Local volunteers for Healthwatch surveyed 45 GP practices and found patients are being kept on hold for long periods, with no guarantee of an appointment.
The “first come, first served” system risks patients in urgent need of treatment being “rejected”, they told the Health Overview & Scrutiny Sub-Committee on September 22
The watchdog’s report says: “Not only is there a risk of delayed diagnosis and treatment, but it is also incredibly stressful for patients who are unwell to have an almost mad rush at 7.59am to wait for sometimes up to three hours for an answer, then be told they must do the same the next day.”
Volunteers were offered face-to-face consultations in 20 cases, but four practices refused completely and gave no time frame for their return. Not all practices answered the phone, even after several calls.
Waits for appointments varied, with practices needing more than three weeks in 17 per cent of cases, one to three weeks in 13 per cent of cases and less than a week in 52 per cent of cases.
One third of practices had at least a week to wait for an appointment with another third of callers having to wait fewer than three days.
The report also warns of “digital exclusion” for patients lacking the IT skills help their doctor diagnose problems
An 87-year-old widower, whose identity is being protected, told surveyors she had waited more than six weeks to get treatment for dry, purple patches spreading on her legs.
Once her son helped her send the practice a photograph, she was sent compression stockings in the mail, which she may not be able to put on herself.
An 82-year-old disabled man told Healthwatch the earliest appointment for pressure sores and a fungal infection on his foot was in 26 days.

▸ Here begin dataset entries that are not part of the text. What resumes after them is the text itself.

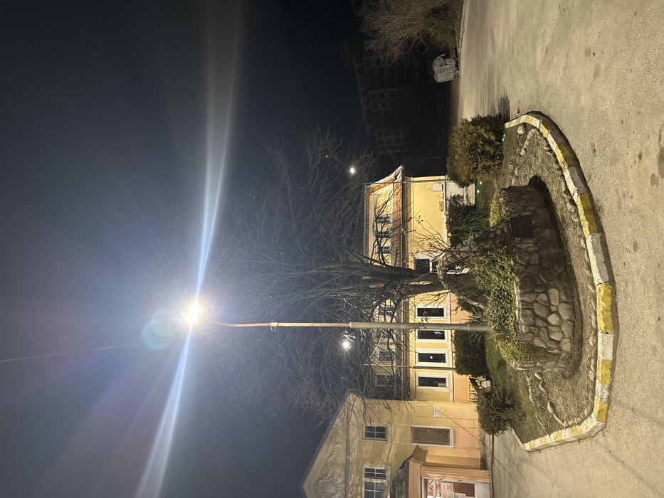 This image depicts a nighttime street scene in Velingrad, Bulgaria. A prominent street light, centrally positioned on a pole, illuminates the foreground and midground, causing significant lens flare. A large, bare deciduous tree stands behind the light pole, situated within a curbed median. The median features a circular stone planter containing green foliage and dry branches, bordered by a curb painted white and yellow. To the left, a two-story light yellow building with classical architectural details around its windows and a reddish entrance structure is visible. Behind the tree, another two-story light yellow building with a red-tiled hip roof and dormer windows is present, displaying scaffolding on its facade. The ground consists of asphalt pavement. In the distant background to the right, a dark, multi-story building and a large grey communal waste bin are partially visible through sparse, dry vegetation under a dark night sky. No individuals are present in the scene.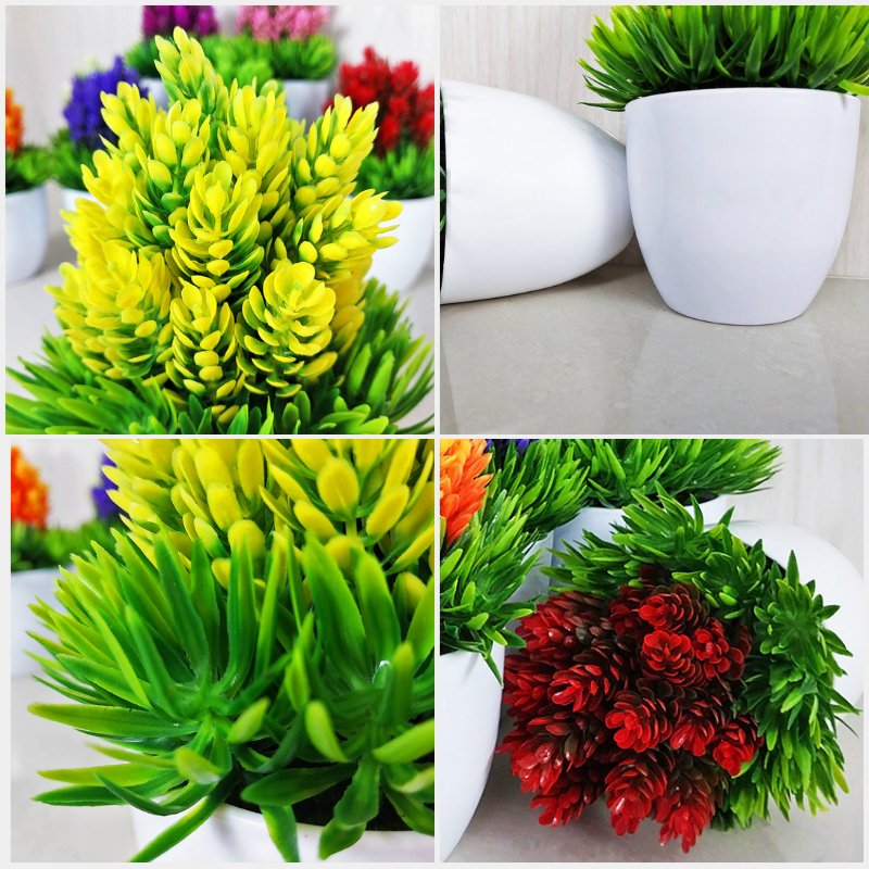 Tanaman Hias Plastik Pot Bonsai Mini Bunga Artificial Sintetis Ornamen Dekorasi Rumah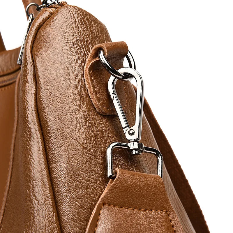 Women's Solid PU Leather Backpack Large Capacity Mochilas Para Mujer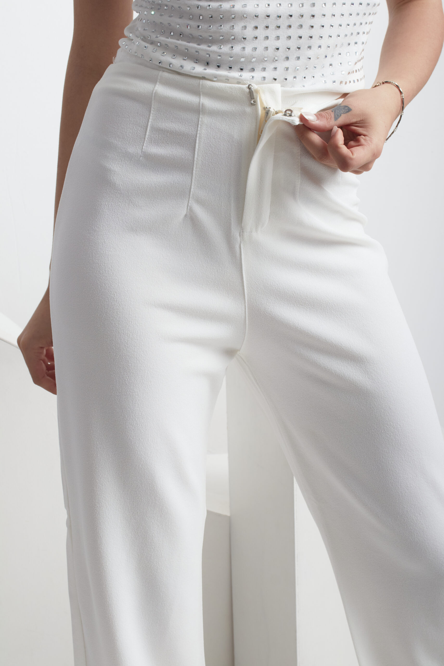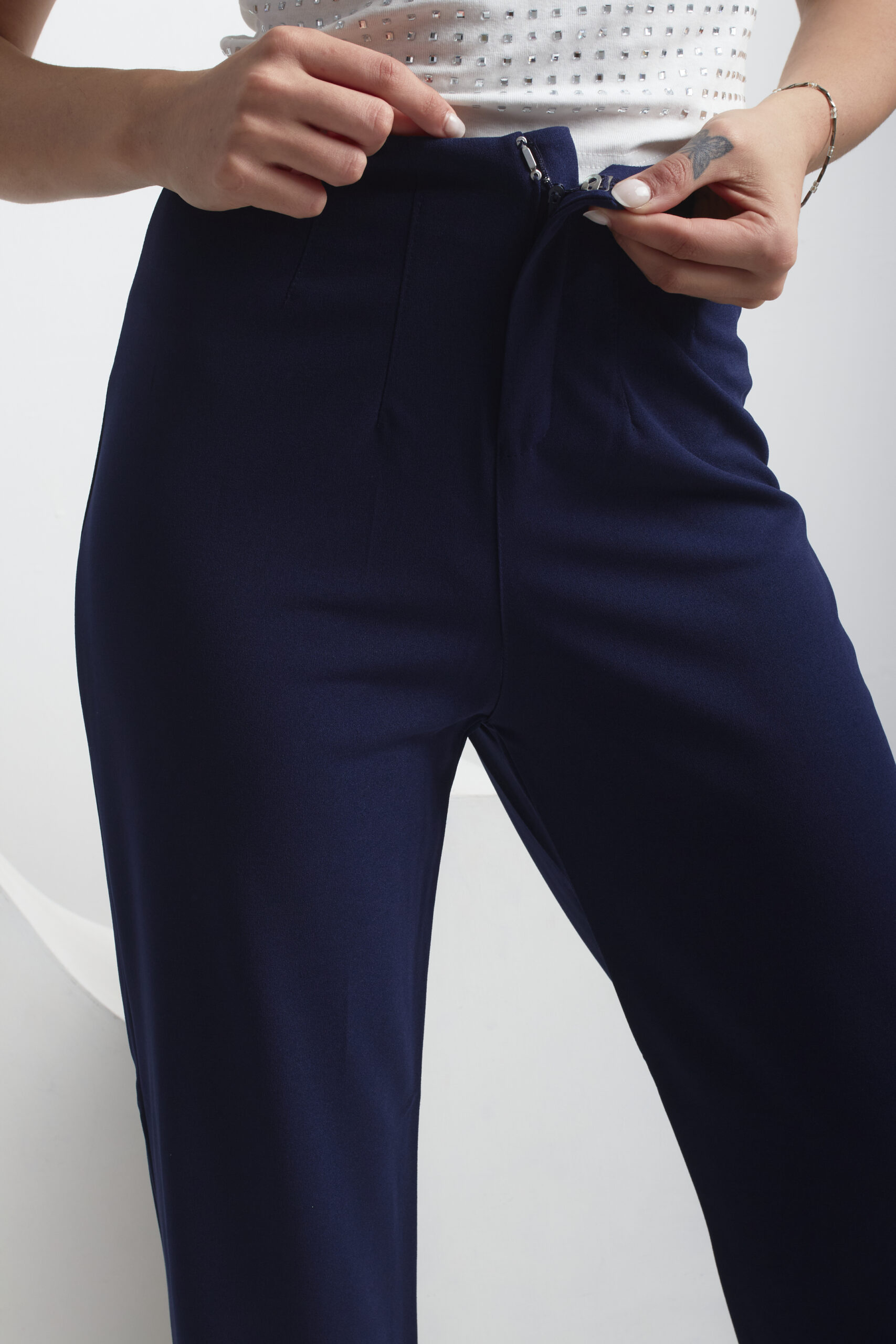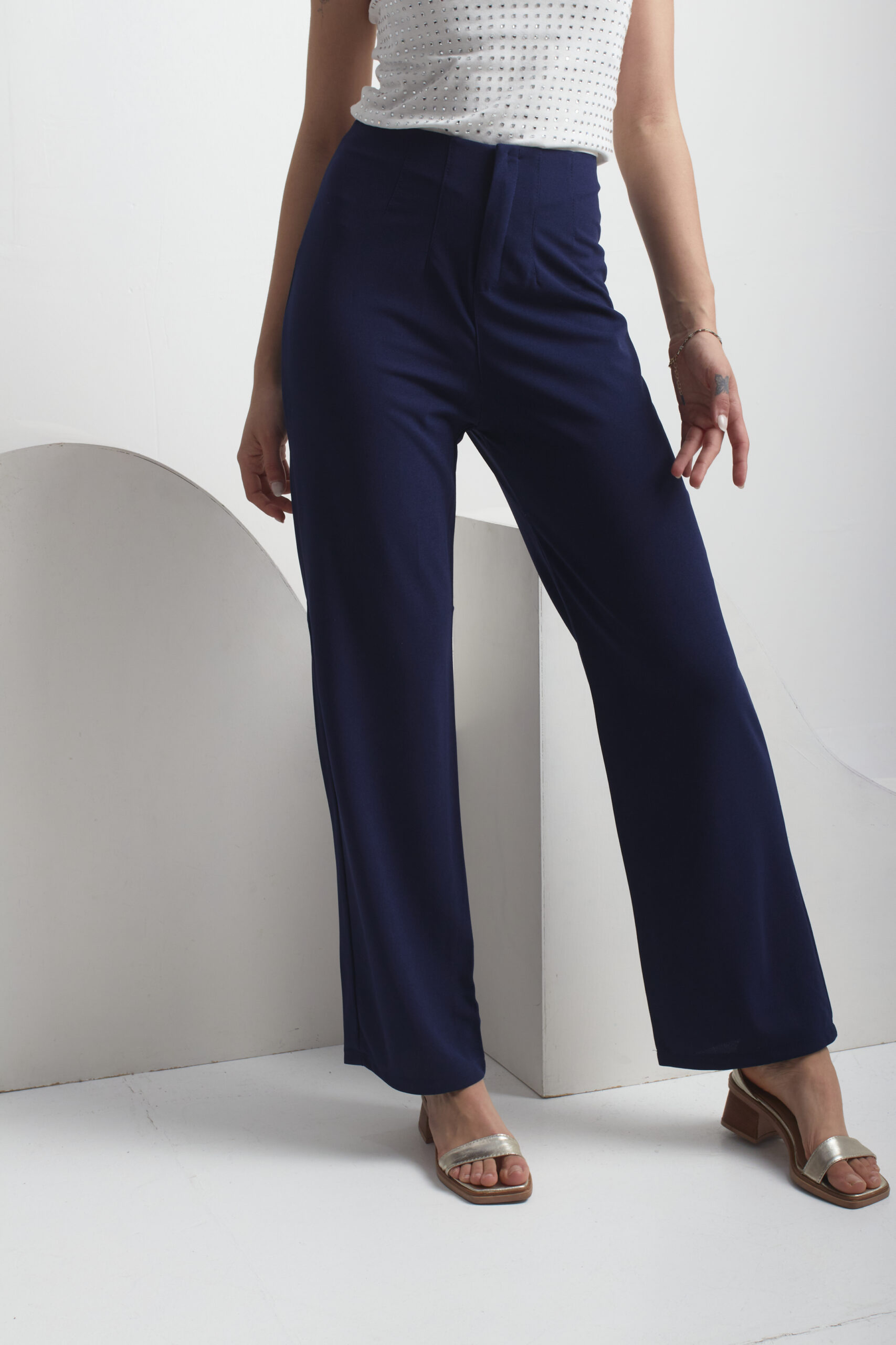 PANTALÓN DE CREP CUBA ELASTIZADO CON UN CORTE RECTO Y VIENE CON CINTURA AVISPA.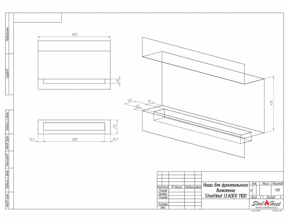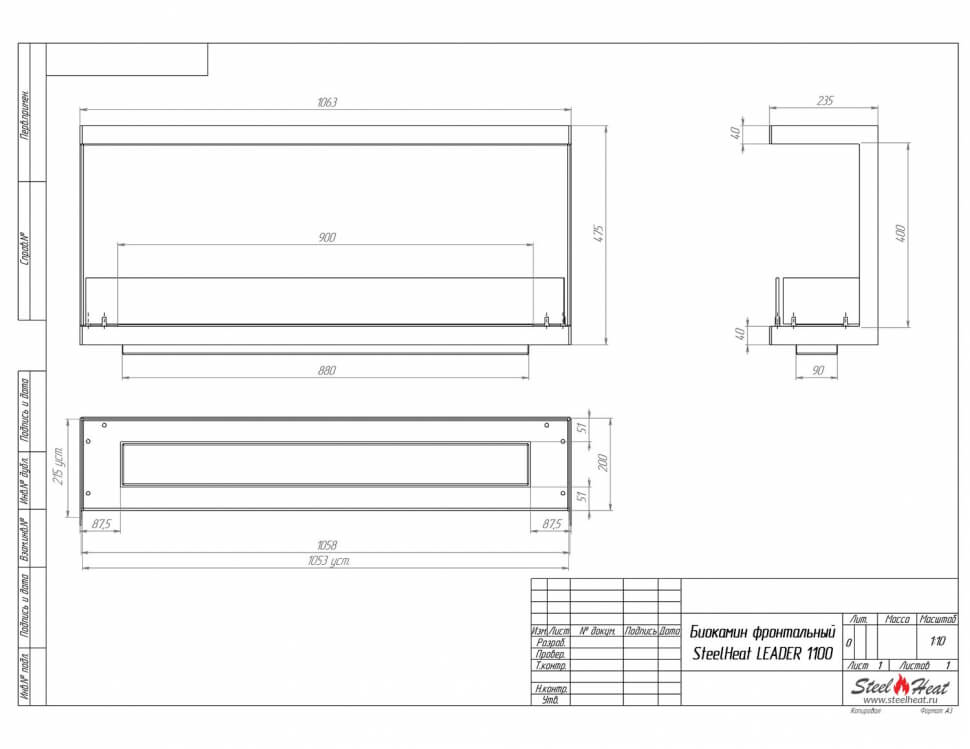 Инструкции, чертежи, документы - Биокамин фронтальный SteelHeat Leader 1100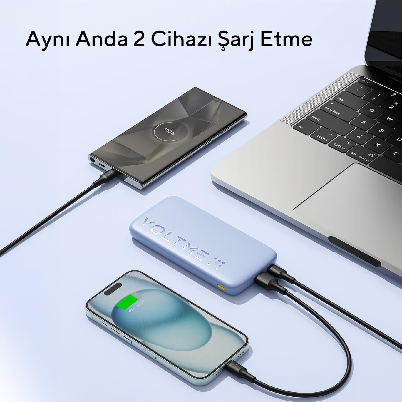 Çift cihaz şarjı: Aynı anda iki cihazı birden şarj edebilme özelliği ile maksimum kullanım kolaylığı sağlar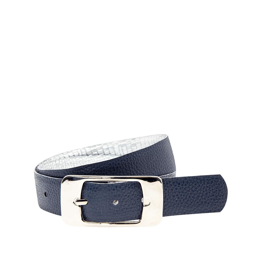 Cinturón doble faz en cuero color plata por azul profundo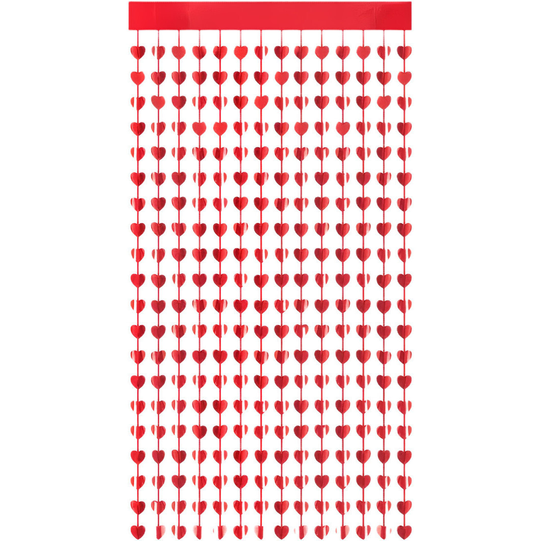 - Rideau en foil rouge orné de petits coeurs, finition métallisée brillante.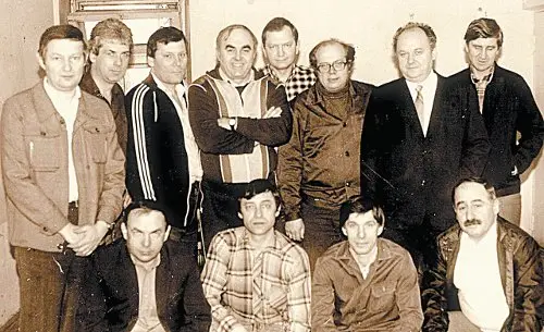 Фото на память во время субботника, 1990. Цвет прокуратуры РСФСР (во втором ряду слева направо): Борис Исаенко, Борис Тарасов, Владимир Данилов, Борис Уваров, Владимир Фёдоров, Евгений Мысловский, заместитель прокурора РСФСР Иван Землянушин, начальник следственной части прокуратуры РСФСР Евгений Лисов; (внизу слева направо): Александр Добрынин, Евгений Ильченко, Александр Филин, Исса Костоев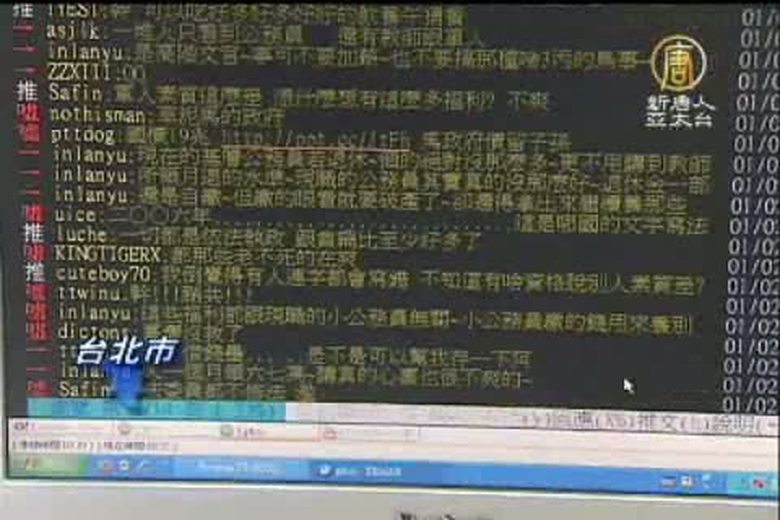 接下來看到,銓敘部去年底通知退休公教人員,恢復18%優惠存款額度,平均增加30~50萬,一年增加8萬多的利息,消息一傳出,馬上引起網友及民眾撻伐,勞團也認為這是圖利少數人,甚至有退休教師,投書平面媒體,認為不公平,自願放棄。 //asset2.ntdtv.com.tw/public/uploads/video/2011/01/05/20110105-875164.flv 18%引爭議|退休師也拒優存|18%|優惠存款額度|退休|公教人員|台北|新唐人|政治|財經|社會|體育|影劇|娛樂|教育|醫藥|消費|新聞|民調|藝文|科技|時事|即時新聞|亞太|節目2011-01-04 21:05:53

He said: “Fortunately, I have an alternative option to get professional medical examination before my foot infection is left to fester for 26 days.”
The report calls for extra surgery sessions to be added when backlogs arise and for GPs at hubs and walk-in clinics to be able to refer patients directly to specialists.
At the Outer North East London Joint Health Overview & Scrutiny Committee in June this year, North East London CCG chair Dr Jagan John admitted there is a lot of “confusion” in the system over what services are face-to-face now.
He added: “We need to do a collective effort across the whole of North East London so that patients understand what the offer is and how they can access healthcare in general and the wider system.”